Thermische Simulation eines Gehäuseprofils mit Heatspreader.

Thermische Simulation eines Gehäuseprofils mit Heatspreader. Fischer Elektronik

Es ist bereits jedem versierten Elektroniker bekannt, dass die Lebensdauer von Halbleitern mit steigender Betriebstemperatur drastisch verkürzt wird und dadurch logischerweise das Risiko für einen Totalausfall mit eventuell fatalen Folgen steigt. Je nach Einsatzort können Temperaturschwankungen zwischen -40 bis +60 °C auftreten, die für manche Systeme problematisch werden. Die Hardware an einem Embedded-System kann über eine Temperaturüberwachung und eine automatische Abschaltung geschützt werden. Jedoch ist bei diesen Systemen nicht der Selbstschutz maßgebend, sondern die Zuverlässigkeit bei einem 24/7-Dauerbetrieb. Um ungeplante Ausfälle zu vermeiden, ist ein durchdachtes thermisches Management notwendig, welches das System vor kritischen Temperaturen schützt. Dieses kann mittels einer Heizung oder einer Kühlung erfolgen, wobei die Letztere die Regel ist.

Bei einer Kühlung wird zwischen aktiver und passiver Kühlung unterschieden. Ein passiv gekühltes System besteht vorwiegend aus einem Gehäuse und einem integrierten Kühlkörper. Durch die Rippengeometrie ergibt sich eine Oberflächenvergrößerung, die die aufgenommene Wärmeenergie an die Umgebung abgibt. Für die Anbindung von verlustreichen Bauteilen, wie zum Beispiel Prozessor oder Spannungswandler, und dem Wärmetransport werden Kupferplatten (englisch heatspreader) in Kombination mit Wärmeleitrohren (englisch heatpipes) eingesetzt. Passivgekühlte Systeme sind durch die fehlenden Lüfter geräuschlos und können wegen der fehlenden Lüftungsöffnungen so gut wie wartungsfrei betrieben werden.

Alternativ zur passiven Kühlung bietet sich die aktive Kühlung von Embedded-Systemen mittels Lüfter oder Flüssigkeit an. Hierbei wird auch von einer erzwungenen Konvektion gesprochen. Durch den Einsatz von Lüftern wird die kühlere Umgebungsluft ins Gehäuse und die erwärmte Luft aus dem Gehäuse an die Umgebung abgegeben. Nachteilig ist die zusätzliche Überwachung der aktiven Komponenten wie Lüfter oder Pumpen. Des Weiteren müssen Wartungen durchgeführt werden, bei denen gegebenenfalls die Filterelemente getauscht werden müssen, die bei Vernachlässigung zu Störungen oder Ausfällen führen.

Für eine möglichst optimale Wärmeübertragung, beispielsweise vom Prozessor zum Kühlkörper, ist eine direkte Verbindung notwendig, die im Idealfall aus einer Kette von Komponenten besteht, die einen niedrigen Wärmewiderstand besitzen. Hierzu ist die Wahl des richtigen Wärmeleitmaterials sehr wichtig, um den Wärmeübergangswiderstand möglichst niedrig zu halten. Die Auswahl von Wärmeleitmaterialien ist so groß wie noch nie zuvor. Pasten und Folien mit unterschiedlichen Eigenschaften stehen für nahezu jede Applikation zur Auswahl. Hier empfiehlt es sich bei der Auswahl der passenden Lösung einen Experten zu Rate zu ziehen.

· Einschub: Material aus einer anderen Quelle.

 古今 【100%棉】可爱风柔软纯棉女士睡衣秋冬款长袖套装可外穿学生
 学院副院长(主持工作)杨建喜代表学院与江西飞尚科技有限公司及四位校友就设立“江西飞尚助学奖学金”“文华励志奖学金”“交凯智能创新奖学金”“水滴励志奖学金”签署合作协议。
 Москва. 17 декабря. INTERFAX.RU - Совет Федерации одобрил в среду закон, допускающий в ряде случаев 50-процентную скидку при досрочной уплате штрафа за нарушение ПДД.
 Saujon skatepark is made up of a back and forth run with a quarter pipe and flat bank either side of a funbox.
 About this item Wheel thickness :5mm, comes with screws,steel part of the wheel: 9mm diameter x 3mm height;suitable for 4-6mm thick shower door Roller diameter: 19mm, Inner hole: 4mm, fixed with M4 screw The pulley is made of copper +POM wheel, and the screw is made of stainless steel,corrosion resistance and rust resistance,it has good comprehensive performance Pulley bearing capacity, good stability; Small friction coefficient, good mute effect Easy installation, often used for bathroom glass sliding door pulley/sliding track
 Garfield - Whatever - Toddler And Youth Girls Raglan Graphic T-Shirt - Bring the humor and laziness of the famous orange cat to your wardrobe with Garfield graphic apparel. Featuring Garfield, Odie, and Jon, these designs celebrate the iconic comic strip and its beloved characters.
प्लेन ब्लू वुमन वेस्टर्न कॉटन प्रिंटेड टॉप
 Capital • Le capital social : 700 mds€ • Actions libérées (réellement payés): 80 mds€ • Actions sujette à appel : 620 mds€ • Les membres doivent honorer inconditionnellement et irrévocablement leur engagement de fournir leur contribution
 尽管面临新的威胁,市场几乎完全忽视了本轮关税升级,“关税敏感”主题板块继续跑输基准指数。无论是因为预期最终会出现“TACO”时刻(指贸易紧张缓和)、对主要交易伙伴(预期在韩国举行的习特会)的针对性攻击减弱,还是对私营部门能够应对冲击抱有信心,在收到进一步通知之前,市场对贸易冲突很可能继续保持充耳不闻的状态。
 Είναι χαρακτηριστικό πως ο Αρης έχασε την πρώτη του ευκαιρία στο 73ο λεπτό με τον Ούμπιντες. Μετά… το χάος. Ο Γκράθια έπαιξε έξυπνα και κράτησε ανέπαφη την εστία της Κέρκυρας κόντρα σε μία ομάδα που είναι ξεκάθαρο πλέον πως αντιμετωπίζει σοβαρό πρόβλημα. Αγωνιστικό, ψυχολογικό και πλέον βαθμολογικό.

Das Risiko einer thermischen Fehlauslegung lässt sich durch eine thermische Simulation stark verringern. Moderne Simulationssoftware analysiert mittels 3D-Daten am Computer das System unter realitätsnahen Bedingungen. Dadurch lassen sich Systeme im Voraus evaluieren und thermisch kritische Stellen frühzeitig erkennen.

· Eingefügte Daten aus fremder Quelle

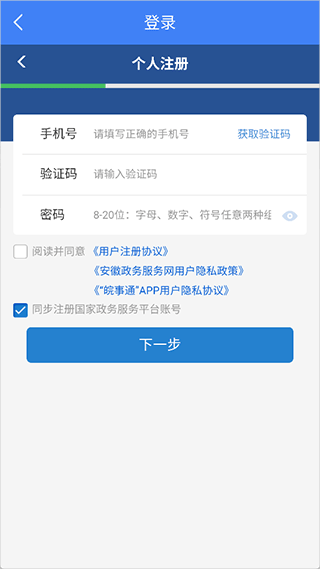 2、然后输入手机号后点击【获取验证码】,收到验证码后填写,然后对密码进行设置后点击【下一步】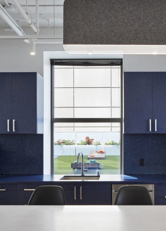 The cafe space becomes a focal point with great amenities and a connection to the roof top deck. This deck feature will be the heart of the office supporting work and play for the Damon Farber team and their clients.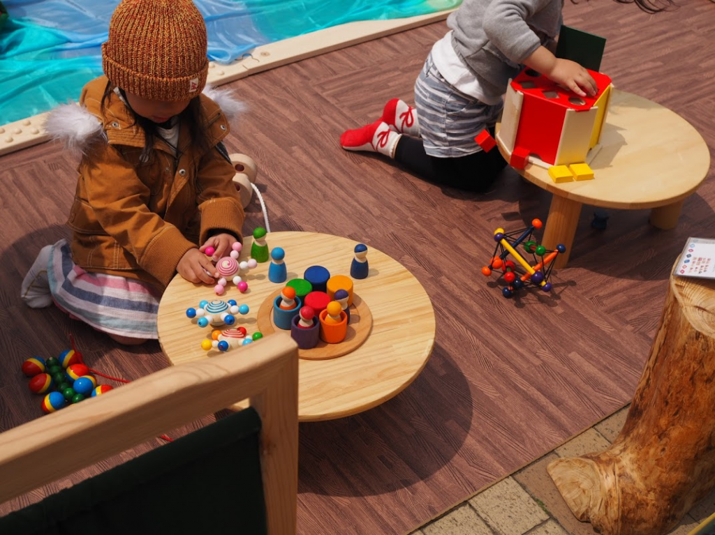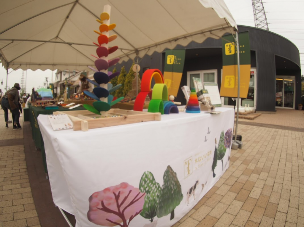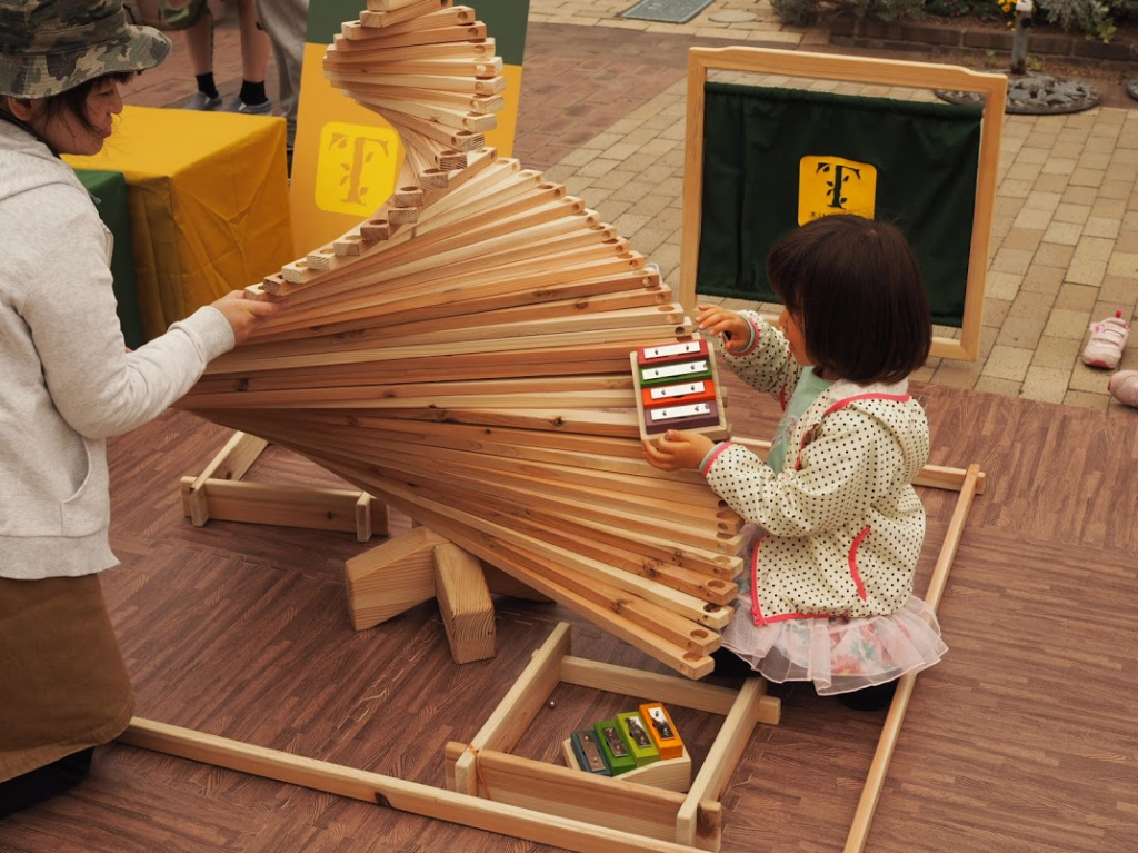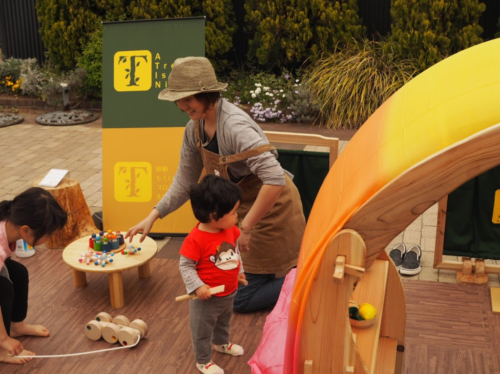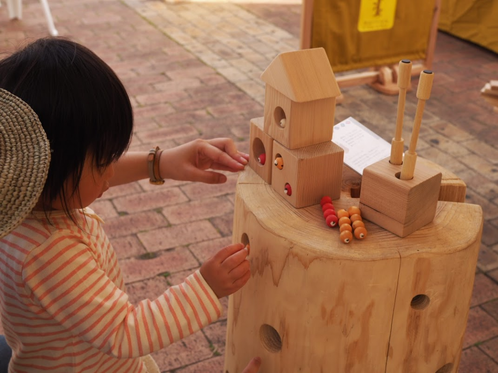 テント内には、コマやけん玉など、大きな子から大人まで楽しめる、体を使った木のおもちゃを中心に配置。

Schock- und Vibrationsfestigkeit

Der Einsatz von Embedded-Systemen bei mobilen Anwendungen wie in der Automobilbranche, bei der Bahn oder der Luftfahrt bringen weitere Anforderungen, wie die Schock- und Vibrationsfestigkeit, mit sich. Die Schockprüfung ist nach IEC 60068-2-27 und die Vibrationsprüfung nach IEC 60068-2-6 genormt. Auf speziellen Prüfständen lassen sich unterschiedliche extreme Situationen nachstellen, bei denen das Gehäuse und die Elektronik an die Grenzen gebracht werden. Hierzu kommen die Gehäuse samt Elektronik auf einen Schwingungserreger und werden zum Beispiel elektrodynamisch bei 5 bis 2700 Hz getestet. Gehäuse, die dynamischen Kräften ausgesetzt sind, werden durch zusätzliche Dämpferelemente im Inneren und zusätzlichen Schraubensicherungen robust ausgelegt.